The company expects to release a patch shortly for its impacted customers
The Revil gang has used Kaseya VSA software as a conduit for launching its ransomware attack. (Credit: Pete Linforth from Pixabay)
Kaseya said that its VSA software product has been subject to a ransomware attack claimed by the REvil ransomware gang that has impacted 800 to 1,500 businesses around the world.
The company, which is based in the US, provides IT and security management solutions for managed service providers (MSPs).
Its product Kaseya VSA has been developed as a remote monitoring and management software product. The software has been used as a conduit by the REvil gang, which is allegedly linked to Russia, for launching a sophisticated cyberattack.
REvil is demanding a ransom payment of $70m for publishing a decryptor that will enable the impacted businesses to recover from the attack within an hour.
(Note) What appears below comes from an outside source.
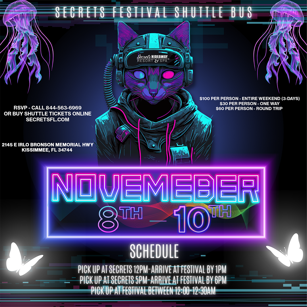 Shuttle buss for November 8-10 for the festival will be happening this year. Avoid the wait of taxi services and purchase the weekend pass online at https://www.secretsfl.com/.../flashback-friday/purchase-pass

On the other hand, Kaseya said that it has developed a Patch for its on-premises customers which is expected to be available shortly after its SaaS servers are brought online.
The company said that the attack was localised to a marginal number of on-premises customers.
The software vendor revealed that less than 60 of its customers, who were all using the VSA on-premises product, were directly compromised by the cyberattack. Many of these customers offer IT services to various other companies.
The company said that it did not find any evidence that any of its SaaS customers were affected by the attack.
Kaseya said that its MSP clients use its technology to handle the IT infrastructure for local and small businesses having less than 30 employees. These include dentists’ offices, local restaurants, and small accounting offices.
The company claimed that its customers manage nearly 800,000 to 1,000,000 local and small businesses.
Kaseya CEO Fred Voccola said: “Our global teams are working around the clock to get our customers back up and running.
“We understand that every second they are shut down, it impacts their livelihood, which is why we’re working feverishly to get this resolved.”
Kaseya has been working with multiple governmental agencies in the US such as the Federal Bureau of Investigation (FBI), Cybersecurity and Infrastructure Security Agency (CISA), Department of Homeland Security, and the White House as well.
The company is also closely working with FireEye Mandiant IR, a computer incident response firm, on the security incident.
The FBI stated: “The FBI is investigating this situation and working with Kaseya, in coordination with CISA, to conduct outreach to possibly impacted victims.
“We encourage all who might be affected to employ the recommended mitigations and for users to follow Kaseya’s guidance to shut down VSA servers immediately. As always, we stand ready to assist any impacted entities.”